La littérature contemporaine ou comment revenir de ses préjugés

Je l'avoue, j'ai longtemps regardé la littérature contemporaine d'un mauvais œil. Quand on se passionne pour le XIXe siècle et qu’on chérit les œuvres créées par des pointures telles que Balzac ou Dostoïevski ou alors des monuments littéraires intemporels à l’instar de Shakespeare ou de Marcel Proust, on a peut-être tendance à faire la fine bouche en ce qui concerne des auteurs vivant à notre époque. Il est vrai que les Marc Lévy et autres Nora Roberts dont j'ai pu essayer de lire les romans ne m'ont pas vraiment convaincue, et c'est le moins qu'on puisse dire. Surtout dans le paysage littéraire français j'avais à peu près abandonné l'idée de trouver un roman digne de ce nom publié après 1970, il est vrai que pendant longtemps, je n’ai pas vraiment cherché : mon avis était arrêté.
 
Il se trouve qu'au cours de mes études de lettres, je me tournais souvent vers la littérature anglophone comme un contrepoint bienfaisant à l'académisme assez étriqué des études littéraires en France. C'était comme si un vent de liberté soufflait sur le fameux 'novel' de langue anglaise et cette liberté semblait engendrer beaucoup de créativité. Et si je vouais une grande admiration à des auteurs de l'époque victorienne telles les sœurs Brontë ou Jane Austen ou encore Emily Dickinson qui leur a succédé, je dévorais aussi les œuvres très contemporaines de Zadie Smith, Jeffrey Eugenides, Donna Tart ou Nick Hornby. Je me disais que sans doute la langue anglaise, n'étant pas freinée dans son essor par une Académie, se prêtait à une littérature qui pouvait se réinventer sans cesse et réjouir le lecteur ravi d'une perle après l'autre.
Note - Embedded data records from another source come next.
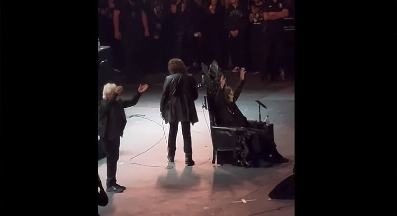 When the lights came up, Ozzy sat in a black leather chair, a gold armband flashing under the stage lights. Years of surgeries had taken their toll, but his grin didn’t fade. He joked between songs and still found ways to work the mic like the seasoned pro he is.
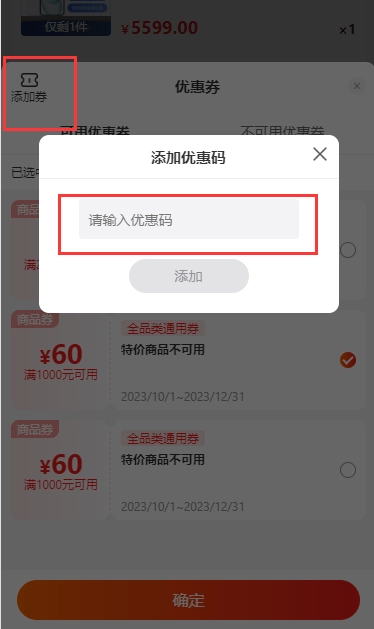 第一步:在下单购买适用于优惠券的商品后,选择优惠券,下方有“输入优惠码”入口
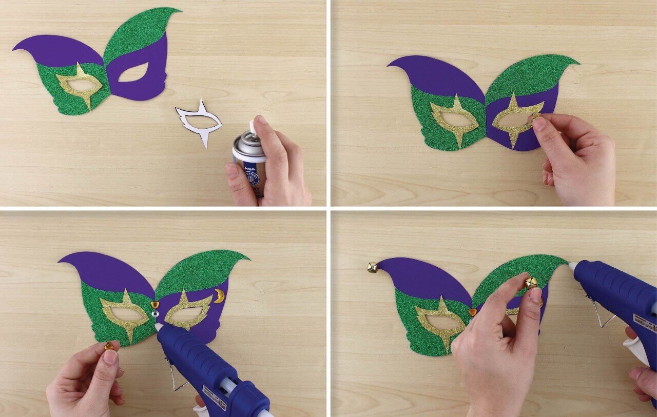 Hot glue gold jingle bells to the points of the upper mask.
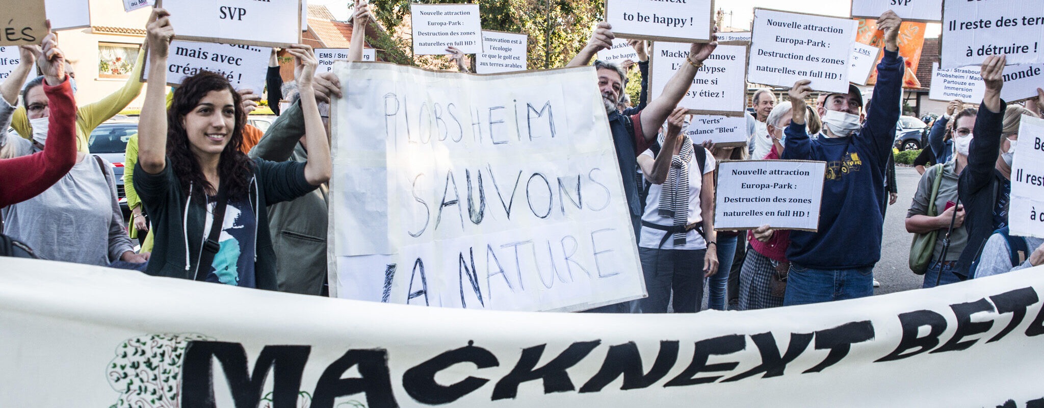 Vendredi 17 septembre, une centaine d'opposants au projet MackNext se sont réunis à Plobsheim. Le collectif portant la manifestation, le Chaudron des Alternatives, dénonce l'urbanisation évitable d'un site de 2,9 hectares de terres agricoles et d'espaces naturels. La maire de la commune soutient le projet du groupe d'Europa Park et se retranche derrière le respect des procédures administratives.
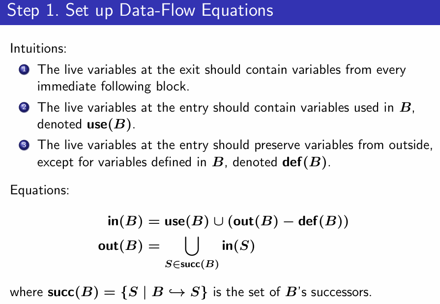 - in B: useB(블록 B에서 사용된 live 변수 집합), outB에서 블록 B에서 정의된 변수 defB를 제외한 변수의 합집합.
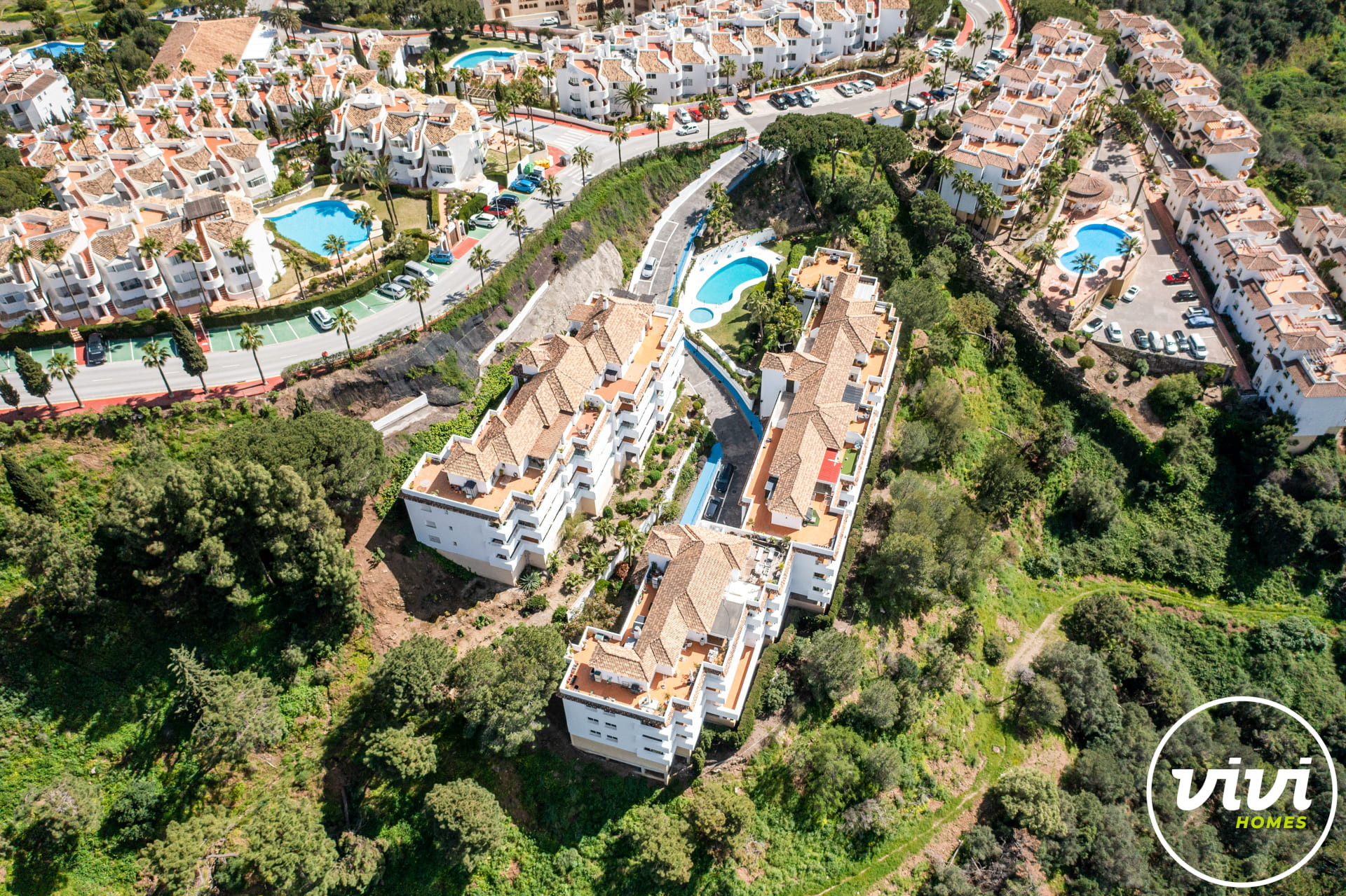 Disfruta del lado más suave de la Costa del Sol desde la hermosa terraza, con una vista panorámica tanto del Mar Mediterráneo como de las montañas circundantes, donde podrás relajarte bajo la cálida luz otoñal y disfrutar del entorno tranquilo.
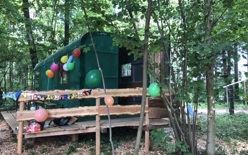Im 3000m² großen MiniKletterpark wird geklettert und gespielt und das in einem eingegrenzten Bereich mit 25 Kletterübungen und Tischen und Bänken. Sollte das Wetter nicht perfekt sein, steht auch ein alter Zugwagon als Unterschlupf bereit.
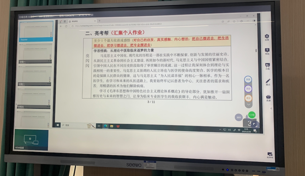 《毛泽东思想和中国特色社会主义理论体系概论》课程融合了其他思政课程的内容,并拓宽了人文社科知识面,只有这样才能真正体现出本课程的教学目的和意义。在卓越医师班的课堂上,教师和学生并不拘泥于课本知识。他们将眼光投向更宽广的课外知识,并在恰当时候补充课外哲学知识、“四史”知识等,构建更加宏伟的知识框架体系。
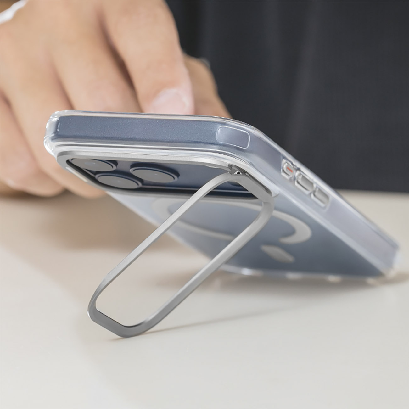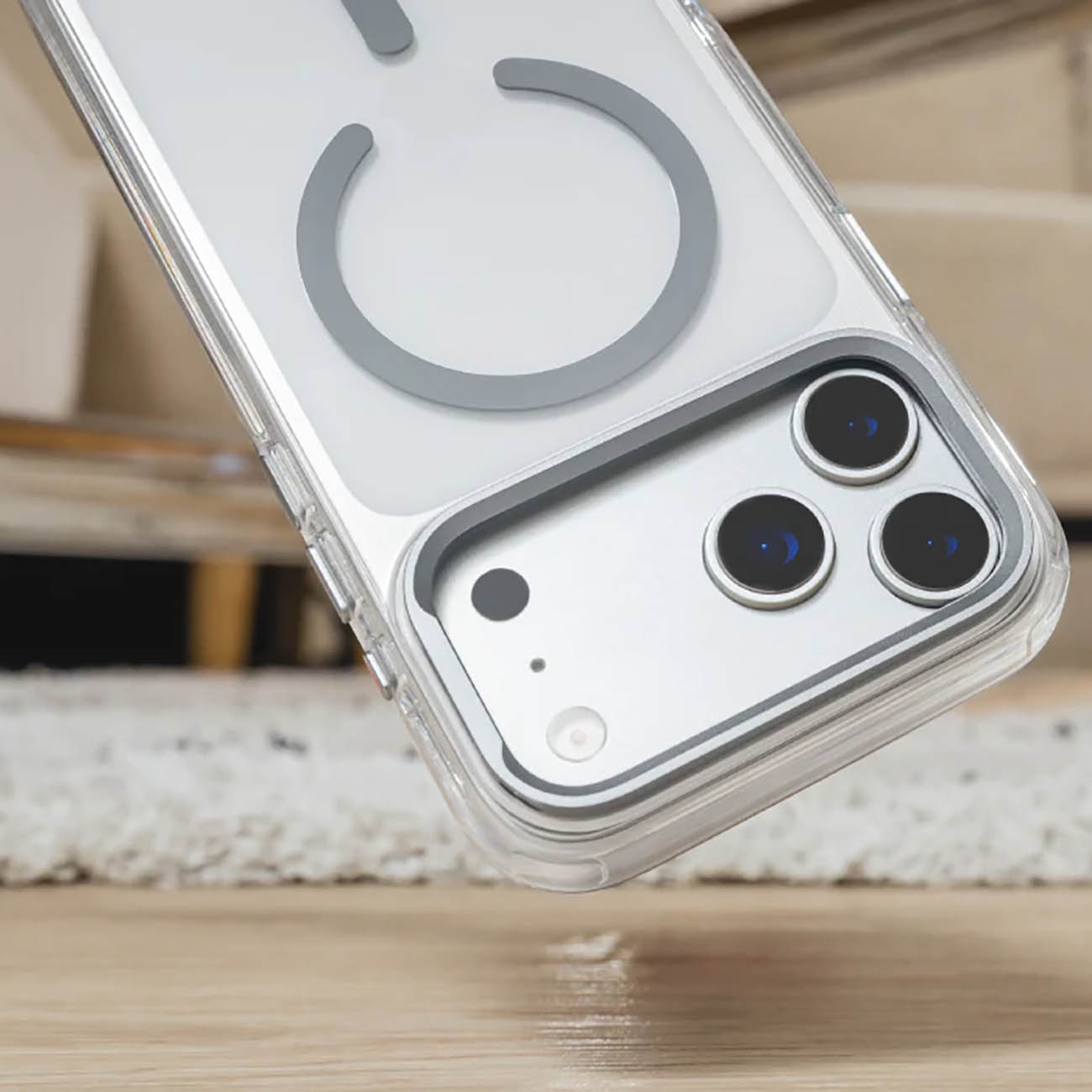 SwitchEasy Case for iPhone 17 Pro / Built-in Stand / MagSafe / Drop-Resistant / Clear & Grey in Qatar
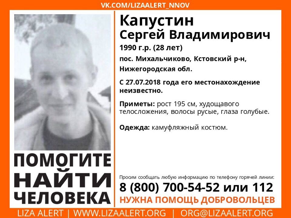 Волонтеры просят помощи в поисках 28-летнего Сергея Капустина, пропавшего в Кстовском районе 27 июля, сообщает поисковый отряд «Лиза Алерт».
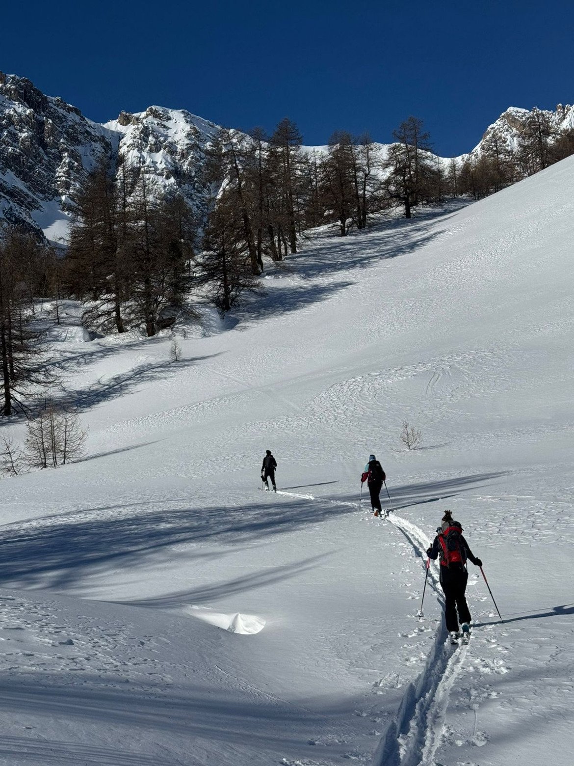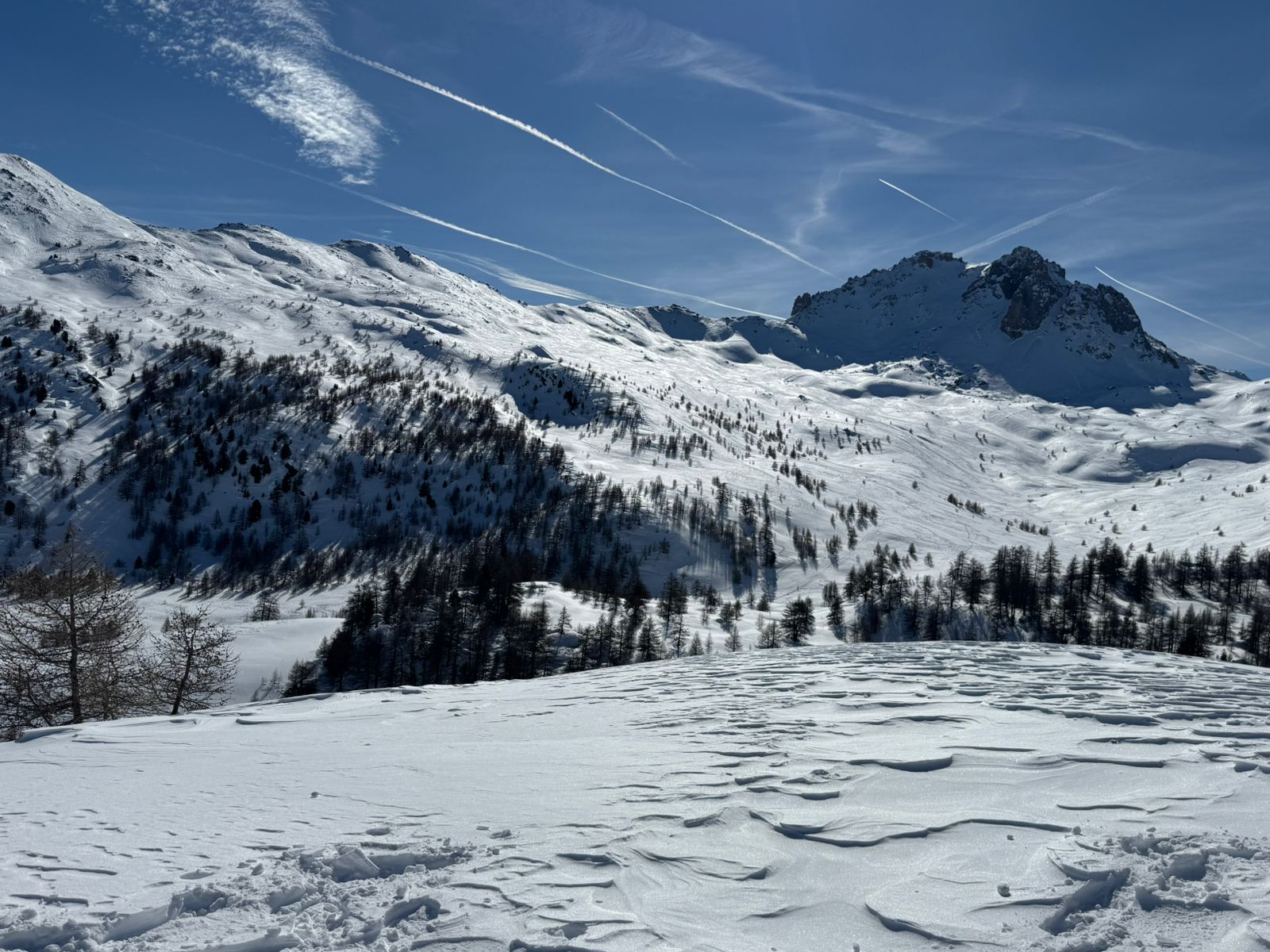 Le soleil tape vite et fort mais en haut la neige reste douce et légère, avant de retrouver une bonne neige de printemps plus bas.
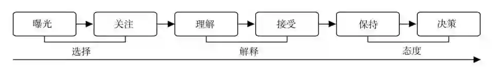 广告的信息接收过程分为三个大阶段,即选择(selection)、解释(interpretation)与态度(attitude),或者进一步分为六个子阶段,即曝光(exposure)、关注(attention)、理解(comprehension)、接受(acceptence)、保持(retention)与决策(decision)。
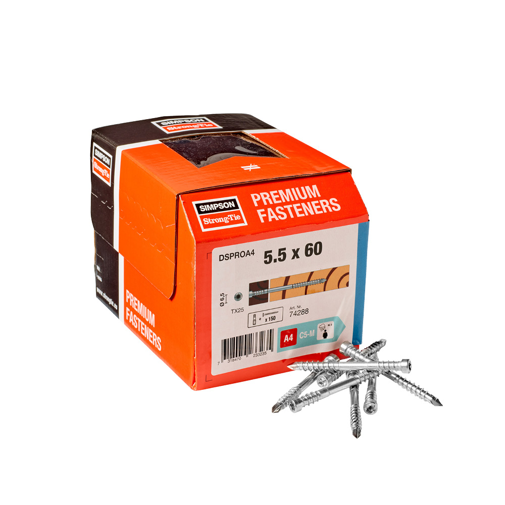 The DSPROA4 hardwood decking screw is a powerful fastening solution for hardwood decking such as IPE, Cumaru, Bankirai and others. Made from A4 stainless steel allows for the screw to be used in marine environments. The screw is designed to resist movement of the deck with a trim head for a neat, professional finish. The additional second thread helps pull the deck boards to the joist providing a more secure clamping effect.
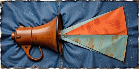 Vintage megaphone with colorful geometric patterns on a denim background.
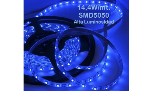 Tira LED 5 mts Flexible 72W 300 Led SMD 5050 IP20 Azul Alta Luminosidad
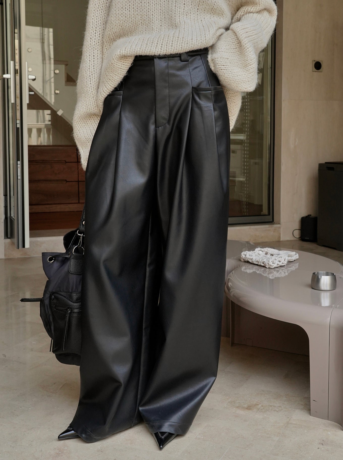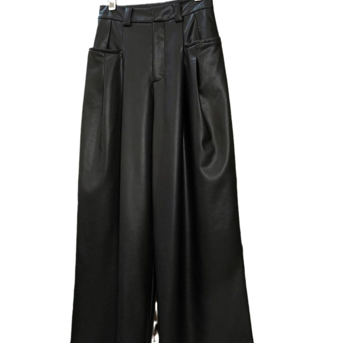 Product information: Fabric name: PU Main fabric composition: PU Main fabric component 2: polyester fiber Style: Wide leg pants Waist type: high waist Color: Black Size: S, M, L Main fabric composition content: 95% or...
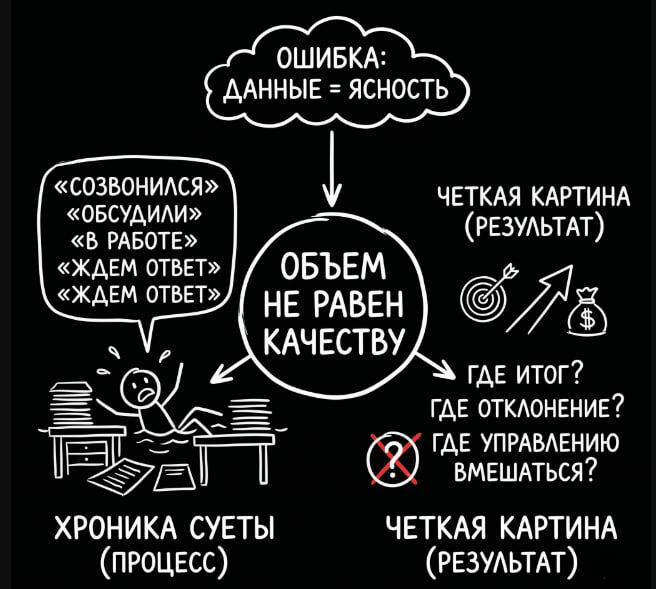 #ОтХаосаКУправлению #управление #автоматизация #хаос Часть №3. С отчетами у меня тоже был свой период очарования. Мне казалось, что если собрать правильную отчетность, многое встанет на место. Потому что логика вроде железная: Нет ясности - значит мало данных. Мало данных - давайте собирать данные 😅 Еще данные. Еще статусы. Еще комментарии. Еще формы. Еще таблички. И я правда в это заходил много раз. Собирал. Структурировал. Просил фиксировать. Просил описывать. Просил показывать, что сделано. И снова получал красивую ловушку. Текста становилось больше. А ясности не становилось больше. Люди писали много: «Созвонился» «Обсудили» «Уточнил» «В работе» «Ждем ответ» «Передал дальше» «Почти готово» И ведь не придерешься ... Вроде все заняты. Вроде движение есть. Вроде работа кипит. Но чем больше я это читал, тем чаще внутри возникал очень дурацкий вопрос: И вот ... что? Вот реально. И что из этого получилось? Где итог? Где отклонение? Где руководителю надо вмешаться? Где вообще ви
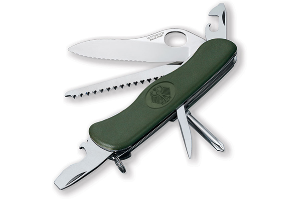 Великолепная многопрофильная модель Victorinox Military one-hand (0.8461.MW4DE) — модель швейцарского ножа, которая вполне способна проделать большое количество работы. Складной нож Victorinox Military One Hand компактный, его масса составляет 89 грамм и в нерабочем состоянии его длина достигает 111 миллиметров. Эта не громоздкая конструкция собрала в себе огромное численность разных предметов, которые могут выполнять более 11 назначений. Victorinox Military one-hand (0.8461.MW4DE) предоставит Вам и универсальный отточенный клинок с гладким режущим краем из надежной и износостойкой нержавеющей стали и комфортной системой открытия одной рукой, рукоятка сделана из нейлона. Также в Victorinox Military One Hand можно найти штопор и приспособления для открывания бутылок и консервных банок, пилу, устройство, для снятия изоляции, плоскую и четырехгранную отвертку, и кольцо для подвески.

Je m’entêtais alors à asséner que oui, ces romans avaient été écrits par des auteurs contemporains, certes, mais en anglais, et enfin, c’étaient plutôt des exceptions.

Or, dans ma soif insatiable de découvrir de nouveaux romans, je suis tombée également sur ces auteurs qui écrivent des récits qu'un petit pourcentage de lecteurs pourra lire en langue originale, et qui grâce à un traducteur ou une traductrice, seront distribués à l'échelle mondiale. C'est le cas de l’Ukrainienne Marina Lewycka ou encore de la Suédoise Katarina Mazetti. Ces découvertes ont eu lieu après mes études-j'avais retrouvé mon amour du français, et comme j'avais déjà commencé à explorer des traductions françaises de romans européens, je ne me suis pas arrêtée là. J'ai lu un bouquin de Mazarine Pingeot par ci, un Nicolas Barreau par là. Je suis revenue à l'auteur à la fois humain et très impressionnant de La petite marchande de prose, Daniel Pennac, que j'avais dû oublier pendant quelques années. En tant qu'enseignante, j'ai beaucoup aimé Chagrin d'école et j'ai été  prise de fou rires à la lecture d' Aux fruits de la passion. J'ai savouré d’une traite les romans de la grande dame de la littérature de jeunesse, Marie-Aude Murail, en commençant par l'incontournable Simple.
J'ai constaté, par ailleurs, que finalement, si j'étais honnête, beaucoup de mes auteurs fétiches se rapprochaient pas mal de la contemporanéité. Lolita fut publié en 1955, Belle du Seigneur d’Albert Cohen reçut le Prix du roman de l’Académie française en 1968 et les Métamorphoses d’un mariage du Hongrois Sandor Marai sortit de l’ombre en 1980. De plus, j’avais récemment découvert les ‘short stories d’Alice Munro – ces nouvelles qui renferment comme dans un écrin infiniment plus de beauté, de sagesse et de cohérence que bon nombre de romans. J’étais aussi tombée sur  Jonathan Franzen, géant de la parole écrite s’il en fut : Après avoir lu Freedom, j’avais déclaré que je ne pourrais plus lire aucun roman pendant un certain temps, puisqu’il était difficile pour n’importe quel auteur d’arriver à la cheville d’un tel phénomène.
Alors que je contemple les étagères de ma bibliothèque fraîchement dégarnie pour ne conserver que mes vrais coups de cœur, je dois bien me rendre à l’évidence que les écrivains vivants, s’ils ne supplantent pas ceux reposant au Père-Lachaise, m’ont tout de même réservé de sacrées jolies surprises au fil des années. J’ai hâte de dégoter la prochaine perle rare et si je mets des œillères pour enlever de mon champ de vision les bestsellers médiocres, je pourrai m’en donner à cœur joie dans les librairies du Grand-Duché.